» TASK TO CARRY OUT: The answer must be an exact copy of the lines from the top of the listing below through the line with "ギャッベ ミニギャベ イラン手織り", with no pictures.

[Opening GIVEN MATERIAL section]

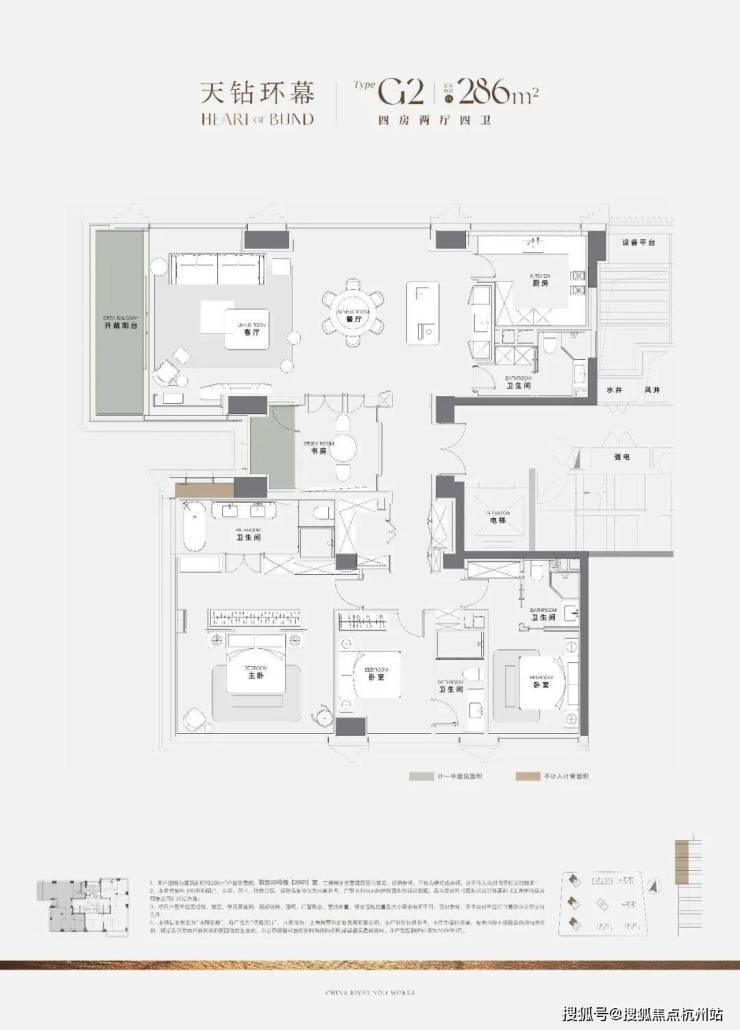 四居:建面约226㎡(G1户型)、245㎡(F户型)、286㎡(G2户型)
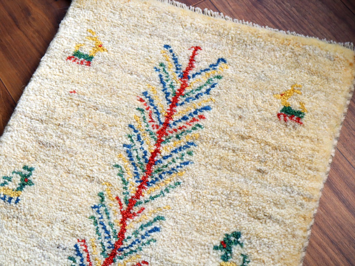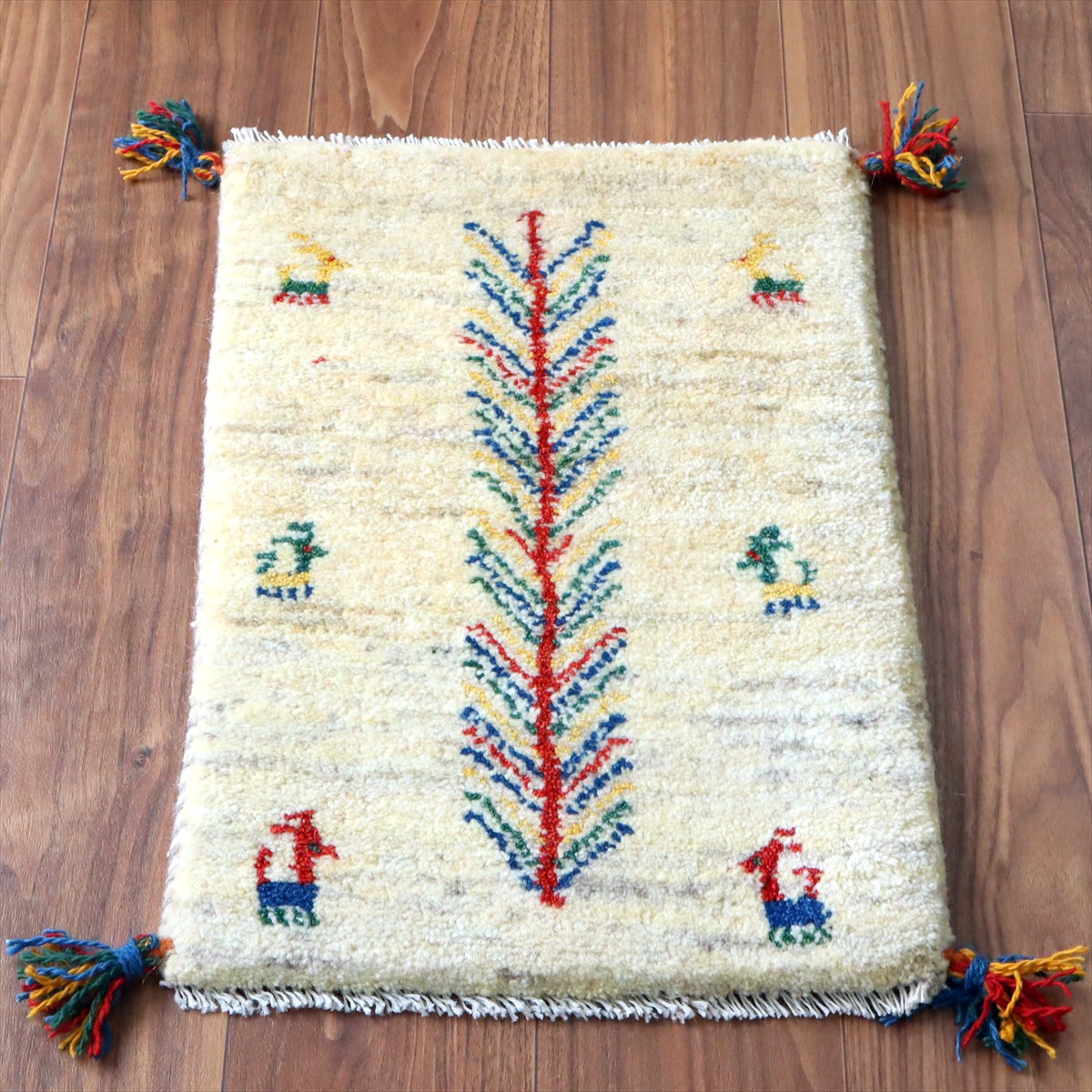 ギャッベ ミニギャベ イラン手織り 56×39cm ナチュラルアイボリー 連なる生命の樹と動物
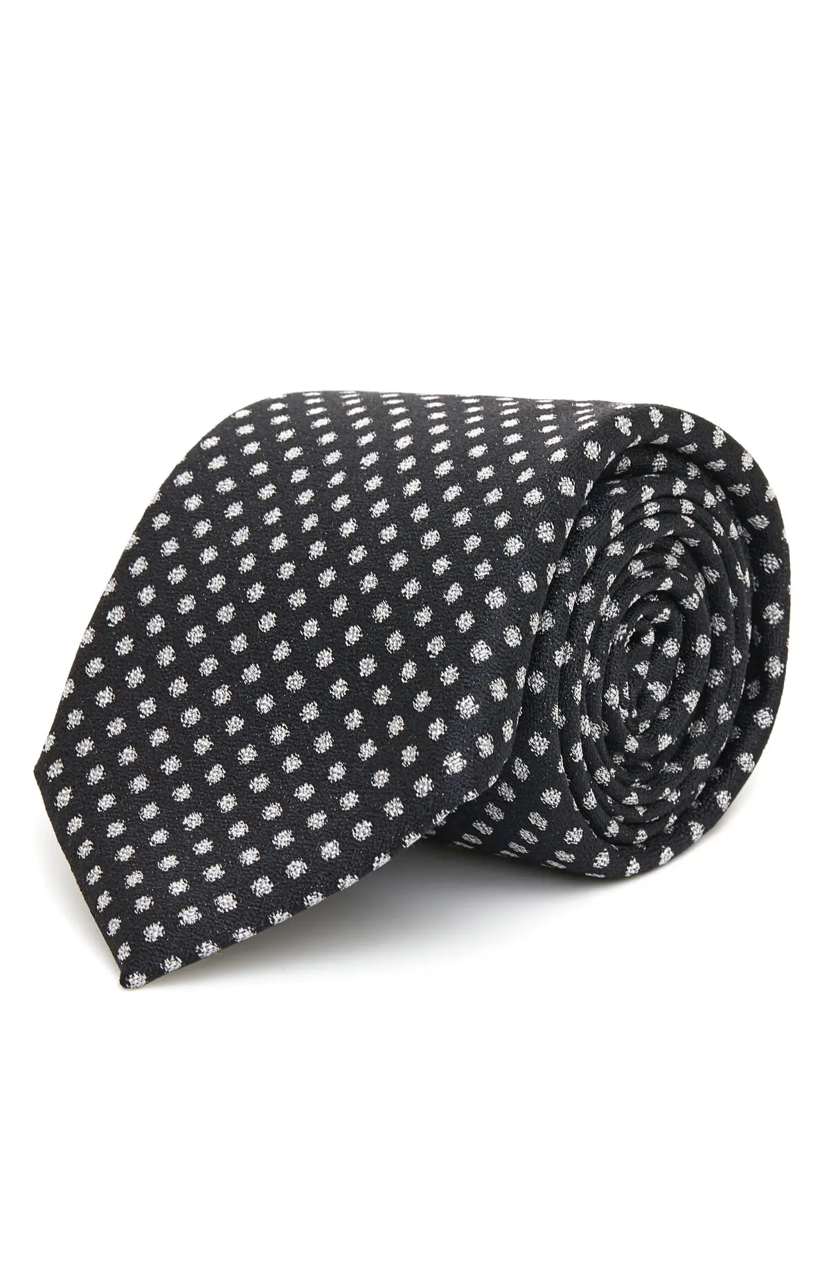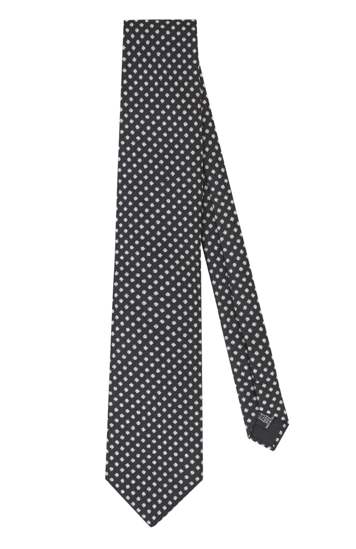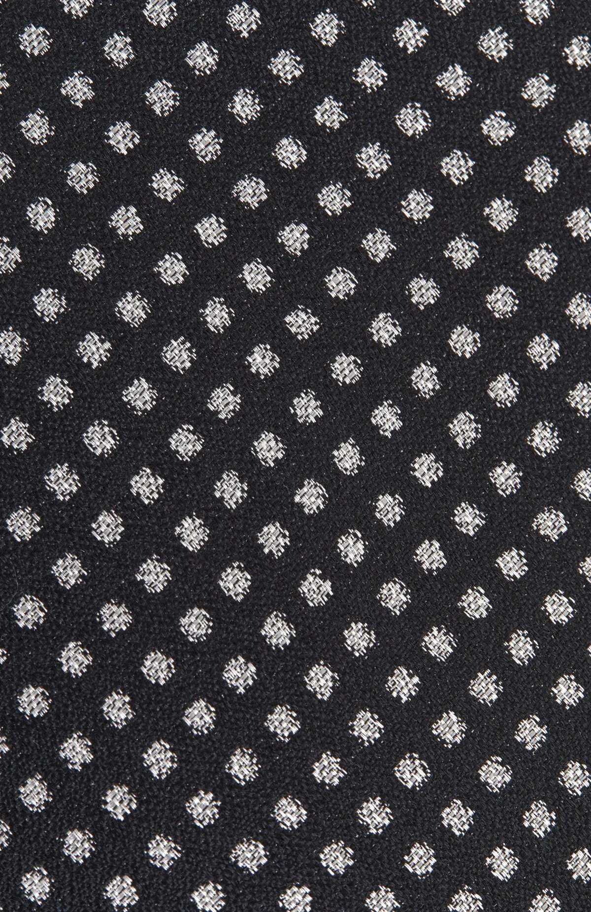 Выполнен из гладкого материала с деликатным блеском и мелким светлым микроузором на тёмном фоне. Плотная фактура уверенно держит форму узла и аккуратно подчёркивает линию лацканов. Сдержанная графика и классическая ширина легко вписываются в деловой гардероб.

[Closing GIVEN MATERIAL section]

» RESPONSE BOX:
 四居:建面约226㎡(G1户型)、245㎡(F户型)、286㎡(G2户型)
 ギャッベ ミニギャベ イラン手織り 56×39cm ナチュラルアイボリー 連なる生命の樹と動物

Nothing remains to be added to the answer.